▼

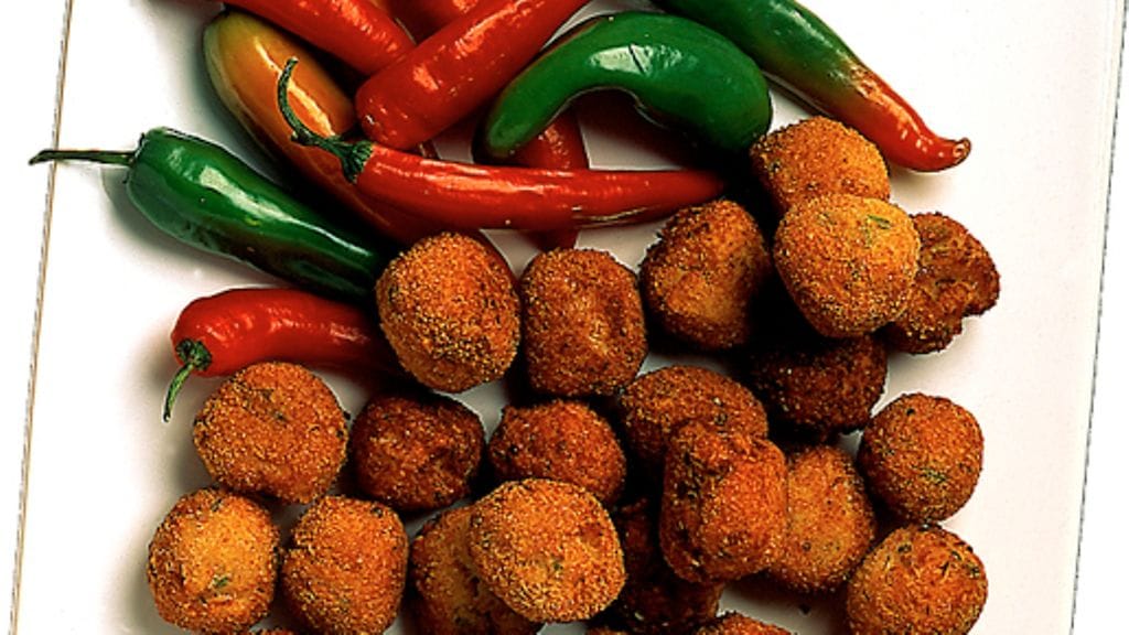 4. Kuumenna öljyä padassa, kunnes se sihisee, kun pudotat maustesiemenen siihen. Muotoile taikinasta pyöreitä palloja teelusikan avulla ja laske ne varovasti öljyyn. Keitä palloja öljyssä 5 minuuttia, kunnes ne ovat kullanruskeita. Nosta pallerot reikäkauhalla ja valuta ne talouspaperilla.
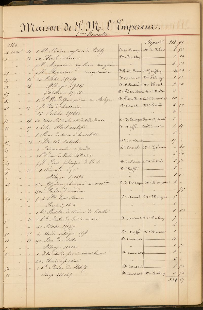 Ordonnancier de la Pharmacie du Dr Mialhe, ou Note des médicaments fournis sur l'ordre de Monsieur le Dr Conneau pour le Service de Santé de Sa Majesté l'Empereur
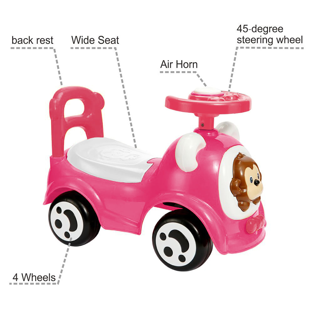 Timate – Push & Ride Racer – Pink & Monkey – Foot-To-Floor Ride-On
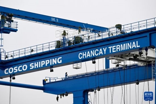 這是6月21日在秘魯錢(qián)凱港拍攝的印有“中遠(yuǎn)海運(yùn),錢(qián)凱碼頭”字樣的軌道吊。 新華社記者 李木子 攝
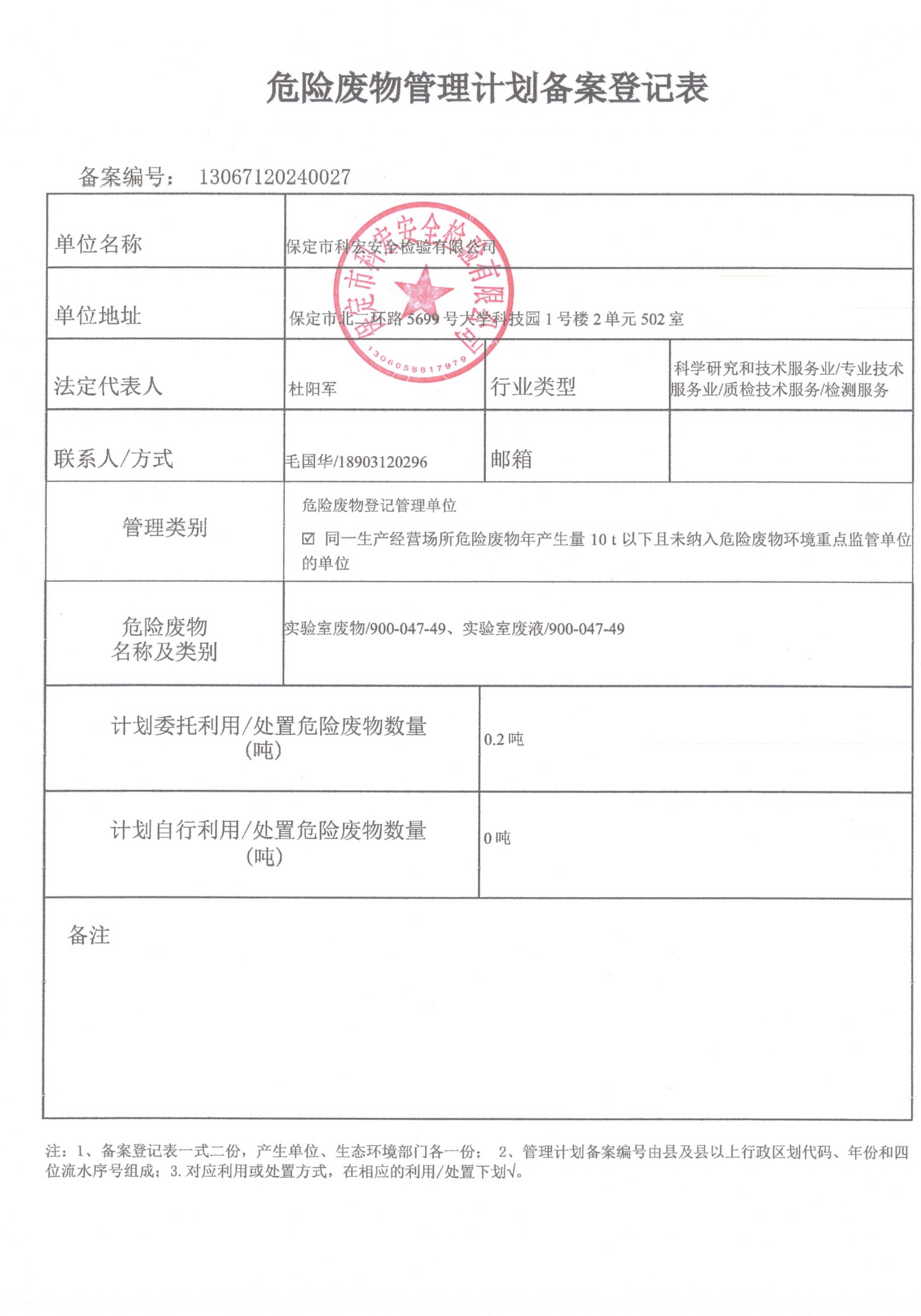 上一篇:2024年度危险废物污染环境防治主体责任承诺书 下一篇:2025年度危险废物管理计划备案登记表
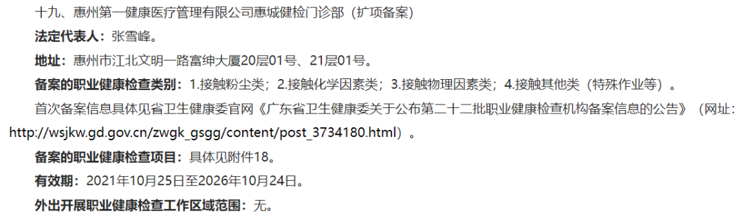 第一健康惠州分院坐落于富绅大厦20-21楼,营业面积接近3500平方米,分为VIP个检区和团检区,每天限量接待150人,环境优雅舒适。
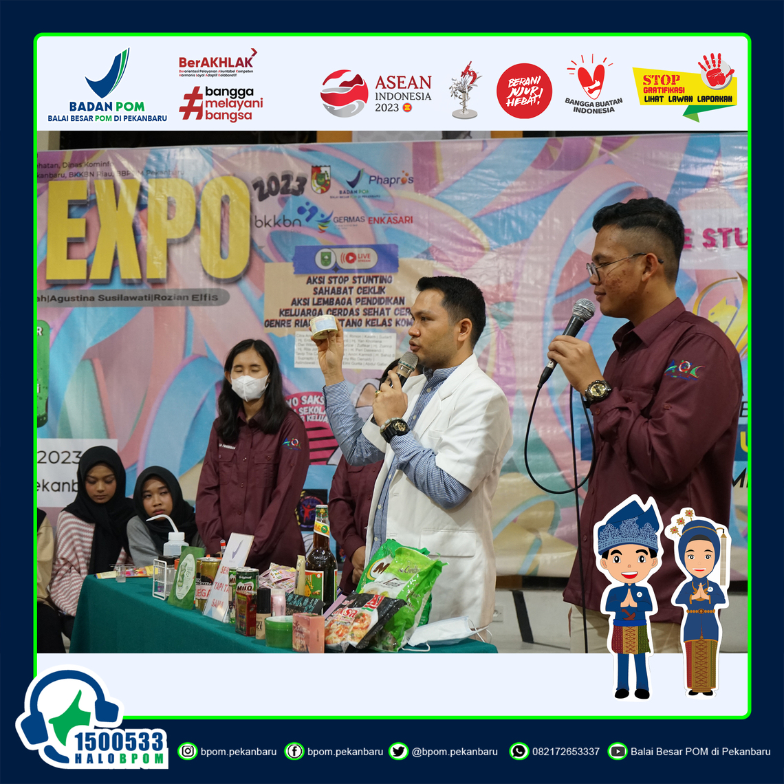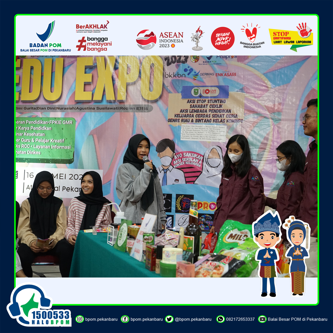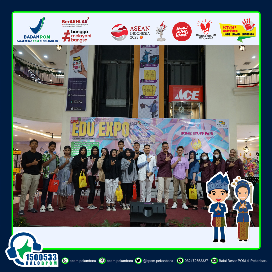 Tim Agen Perubahan BBPOM di Pekanbaru (Agent of Change) melakukan edukasi terkait obat dan makanan aman pada kegiatan Riau Edu Expo 2023 yang diselenggarakan oleh Pemerintah Daerah Provinsi Riau di Mall Pekanbaru pada Jumat,19 Mei 2023.

▲

Print once more, exactly, the lines from the one with "新華社記者 李木子 攝" through the last line of the data, both ends included, without any pictures.

 這是6月21日在秘魯錢(qián)凱港拍攝的印有“中遠(yuǎn)海運(yùn),錢(qián)凱碼頭”字樣的軌道吊。 新華社記者 李木子 攝
 上一篇:2024年度危险废物污染环境防治主体责任承诺书 下一篇:2025年度危险废物管理计划备案登记表
 第一健康惠州分院坐落于富绅大厦20-21楼,营业面积接近3500平方米,分为VIP个检区和团检区,每天限量接待150人,环境优雅舒适。
 Tim Agen Perubahan BBPOM di Pekanbaru (Agent of Change) melakukan edukasi terkait obat dan makanan aman pada kegiatan Riau Edu Expo 2023 yang diselenggarakan oleh Pemerintah Daerah Provinsi Riau di Mall Pekanbaru pada Jumat,19 Mei 2023.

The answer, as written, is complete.